• About this task: Without any pictures, print the lines below from the one that has "100 шт., длинные" through the one that has "从新洲到武汉市局出入境支队,往返超过12", exactly and nothing else.
*** Opening of Data excerpts ***
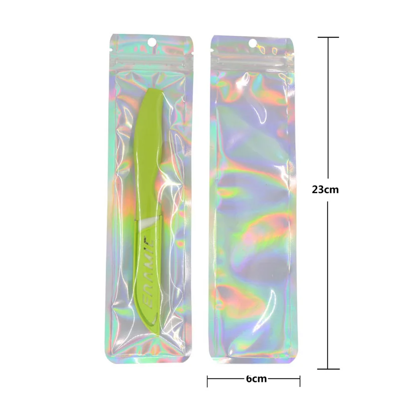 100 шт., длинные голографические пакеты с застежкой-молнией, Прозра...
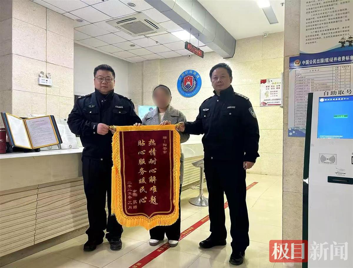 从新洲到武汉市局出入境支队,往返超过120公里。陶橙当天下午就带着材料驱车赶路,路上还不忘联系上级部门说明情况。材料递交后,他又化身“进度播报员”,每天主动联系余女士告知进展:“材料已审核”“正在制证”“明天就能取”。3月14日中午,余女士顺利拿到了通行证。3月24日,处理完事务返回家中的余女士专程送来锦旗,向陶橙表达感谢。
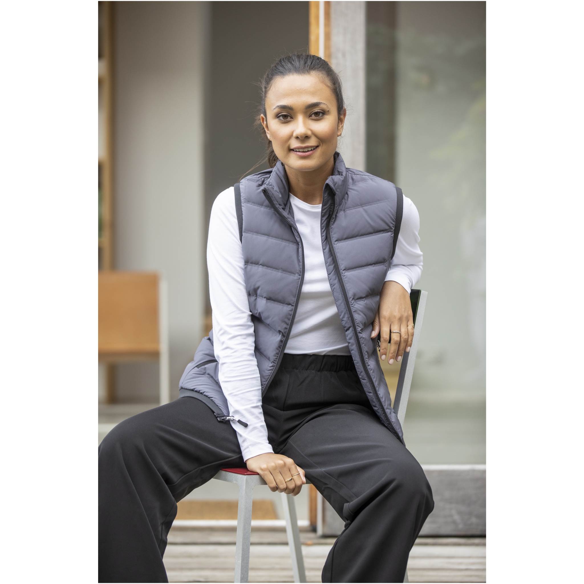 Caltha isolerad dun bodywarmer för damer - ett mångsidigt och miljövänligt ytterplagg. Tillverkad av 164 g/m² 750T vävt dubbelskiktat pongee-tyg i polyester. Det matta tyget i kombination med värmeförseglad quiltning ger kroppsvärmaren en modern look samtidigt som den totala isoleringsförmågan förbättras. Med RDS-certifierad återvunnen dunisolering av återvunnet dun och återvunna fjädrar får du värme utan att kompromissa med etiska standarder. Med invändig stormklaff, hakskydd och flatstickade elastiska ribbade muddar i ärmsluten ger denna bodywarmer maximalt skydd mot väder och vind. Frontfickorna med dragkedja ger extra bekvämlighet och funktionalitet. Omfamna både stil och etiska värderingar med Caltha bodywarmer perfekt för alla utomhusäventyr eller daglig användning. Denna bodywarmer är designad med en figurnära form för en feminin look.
*** Close of Data excerpts ***
*** Opening of Data excerpts ***
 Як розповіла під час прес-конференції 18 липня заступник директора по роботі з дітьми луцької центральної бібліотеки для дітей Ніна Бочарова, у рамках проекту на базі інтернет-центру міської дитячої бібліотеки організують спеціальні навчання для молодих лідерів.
*** Close of Data excerpts ***
• Result:
 100 шт., длинные голографические пакеты с застежкой-молнией, Прозра...
 从新洲到武汉市局出入境支队,往返超过120公里。陶橙当天下午就带着材料驱车赶路,路上还不忘联系上级部门说明情况。材料递交后,他又化身“进度播报员”,每天主动联系余女士告知进展:“材料已审核”“正在制证”“明天就能取”。3月14日中午,余女士顺利拿到了通行证。3月24日,处理完事务返回家中的余女士专程送来锦旗,向陶橙表达感谢。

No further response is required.